Dehydration of mature and immature sickle red blood cells during fast oxygenation/deoxygenation cycles: role of KCl cotransport and extracellular calcium

Anthony J. McGoron, Clinton H. Joiner, Mary B. Palascak, William J. Claussen, and Robert S. Franco

From the Department of Radiology and the Division of Hematology/Oncology, Department of Internal Medicine, University of Cincinnati College of Medicine; Children's Hospital Research Foundation; and the Comprehensive Sickle Cell Center, Cincinnati, OH.
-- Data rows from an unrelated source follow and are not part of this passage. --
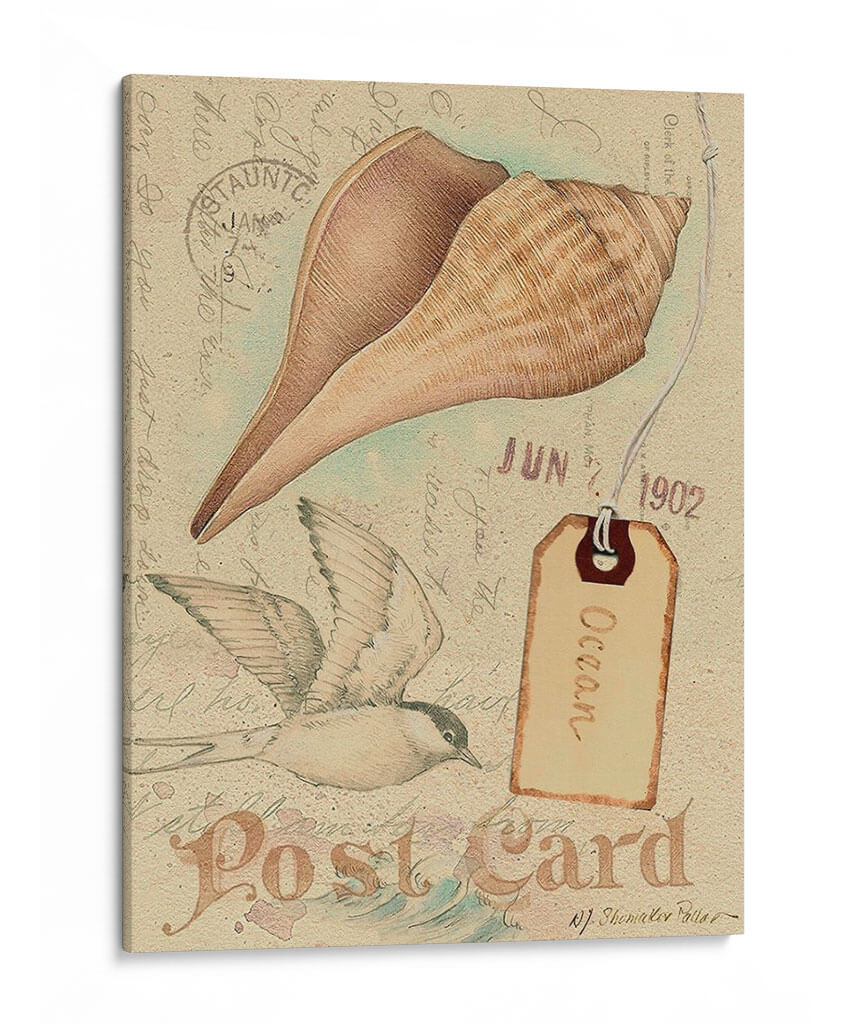 Evoca la nostalgia y la belleza del mar con "Cáscaras De Postal IV", una obra de arte decorativo que transporta a playas lejanas y recuerdos de verano. Esta pieza captura la esencia de un día junto al océano a través de una delicada ilustración de conchas marinas y un ave en pleno vuelo, todo sobre un fondo que imita el encanto de una postal antigua. La paleta de colores cálidos y terrosos, salpicada de sutiles toques de azul aguamarina, crea una atmósfera serena y evocadora, perfecta para añadir un aire de tranquilidad y elegancia a cualquier espacio. El estilo, que fusiona lo vintage con un toque de arte contemporáneo, lo convierte en un punto focal ideal para salones, dormitorios o incluso estudios de diseño que buscan inspiración costera. Cada detalle, desde la textura de las conchas hasta la caligrafía que sugiere mensajes perdidos en el tiempo, invita a la contemplación y al ensueño. Ideal para amantes de la naturaleza, el mar y el arte con historia.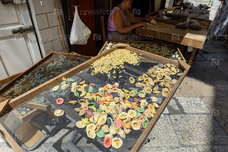 Италия. Бари. Женщины готовят макароны на улице Арко-Бассо. Италия. Бари. Женщины, готовящие макаронные изделия на улице Arco Basso
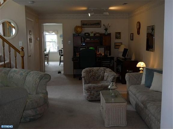 Absolutely adorable "one of a kind" townhome in desirable Rolling Hills East, Westampton. Original owner has taken great pride and it shows! Beautifully landscaped and across the street from the playground and extra parking lot offers the best location in this development. Spacious living area with cozy wood burning fireplace. Den/office can be used to your liking. Your bright and generous kitchen is sure to delight with your breakfast nook, ample dining area for entertaining. 1st floor laundry room with plenty of storage throughout! Large Master suite attached to jack & Jill bath with ample closets. Remodeled master bath with tile floor and beautiful upgraded shower. French doors lead to 3rd bedroom or den with pergo flooring and access to 2nd bedroom. Some newer windows, newer roof, security system and more! Relax or entertain on your 18X20 2 tier deck this summer! 1 car garage! Great commuter location with NO DUES!

Sickle red blood cells (RBC) become dehydrated as a consequence of potassium loss. This process depends at least partly on deoxygenation and may be influenced by the presence of oxygenation/deoxygenation cycles and the frequency of cycling. In this study, sickle RBC were subjected to approximately 180 oxygenation/deoxygenation cycles during 4 hours to evaluate RBC dehydration with cycle periods more similar to in vivo cycles than those in previous studies. A continuous-flow, steady-state apparatus circulated a dilute RBC suspension through gas-permeable silicone tubing with segments that were exposed to either nitrogen or ambient oxygen. The percentage of sickling and partial pressure of oxygen were measured by means of sampling ports in the deoxygenation and oxygenation regions. The density increase (dehydration) of young (transferrin receptor-positive) and mature (transferrin receptor-negative) RBC and the requirements for calcium and chloride were evaluated. Density increase correlated with the percentage of sickled cells at the deoxygenation sampling port and was observed only in the presence of calcium, thereby implicating the calcium-dependent potassium channel (Gardos pathway). Density increase was not dependent on the presence of chloride, making it unlikely that KCl cotransport was an important pathway under these conditions.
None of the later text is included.